Addition of excess heparin (100 U/mL) to patient serum prior to testing inhibits the reaction between heparin-dependent antibodies and the PF4-PHS complex, and produces a negative result. This procedure is used to confirm that a positive screening result is caused by heparin-dependent antibodies. Results are calculated as the percent heparin inhibition of the reactivity of the antibody. Elisa results <0.40 units are considered negative.
Laboratory tests that detect IgG PF4 antibodies are the most sensitive (96-100%). A negative result strongly suggests the absence of HIT, but a positive test does not necessarily mean that a patient has antibodies capable of activating platelets. Many more patients form antibodies than have thrombosis. The strength of the reaction is predictive of the risk of thrombosis, as seen in the following table.
| Strength of Reaction | Probability of Thrombosis |
| <0.40 | 0% |
| 0.40-1.00 | 5% |
| 1.01-1.40 | 20-30% |
| 1.41-2.00 | 50-60% |
| >2.00 | >90% |
A PF4 antibody result of >2.00 is most often associated with antibodies capable of activating platelets. The platelet activation capability of intermediate-strength PF4 antibodies can be determined by a confirmatory serotonin release assay (SRA).
In the SRA, washed healthy donor platelets are loaded with 14C-labelled serotonin prior to incubation with patient plasma. If heparin-PF4 antibody complexes are present, they activate platelets and release 14C-serotonin, which is detected as an increase in supernatant radioactivity. Each patient’s sample is tested in the presence of both high (100 U/mL) and low (1.0 U/mL) concentrations of heparin. Serotonin release in the presence of low, but not high, heparin concentration is considered to be a true positive result. Platelet activation in the presence of both low and high heparin concentration is considered a false positive result. Platelet activation is decreased at high concentrations of heparin, since the excess heparin disrupts formation of heparin, antibody and PF4 immune complexes. SRA is difficult to perform and only available at a few reference laboratories but has the highest specificity (94-100%) for clinically significant antibodies.

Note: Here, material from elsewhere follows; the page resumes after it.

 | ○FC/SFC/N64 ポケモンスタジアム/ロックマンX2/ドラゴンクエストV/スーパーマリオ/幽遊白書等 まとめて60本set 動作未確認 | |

If a patient's serum plus low dose heparin induces release of serotonin from platelets in the SRA, but reactivity is not significantly inhibited by high dose heparin the results are not consistent with, HIT. One explanation is that patient's serum contains non-heparin dependent antibodies (e.g. anti-HLA), which can cause platelet activation resulting in heparin-independent release of serotonin.
Heparin should be discontinued in any patient with a clinical presentation consistent with HIT. Heparin flushes and heparin coated catheters should also be avoided. After discontinuing heparin, platelet counts begin to rise within 2-3 days and usually return to normal within 10 days. PF4 antibody decreases to undetectable levels within 2-3 months after cessation of heparin therapy. Platelet transfusions are contraindicated because they may contribute to thrombus formation or extension.

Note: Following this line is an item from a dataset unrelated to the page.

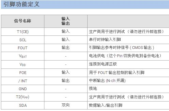 基本性能 時鐘和日歷、報警、定時器、頻率輸出、溫度傳感器與內(nèi)建電源切換等

A baseline platelet count and a repeat platelet count should be performed within 24 hours of starting unfractionated (UFH) or low molecular weight heparin (LMWH) on all patients who have received heparin within the past 100 days or who have an uncertain history of previous exposure. Platelet counts should be repeated at least once every two to three days from day 4 to day 14.
If a patient experiences acute inflammatory, cardiorespiratory, neurologic or other unusual signs or symptoms within 30 minutes of IV UFH infusion, a platelet count should be performed immediately and compared to a recent prior result.
Specimen requirement is one red top tube of blood is required.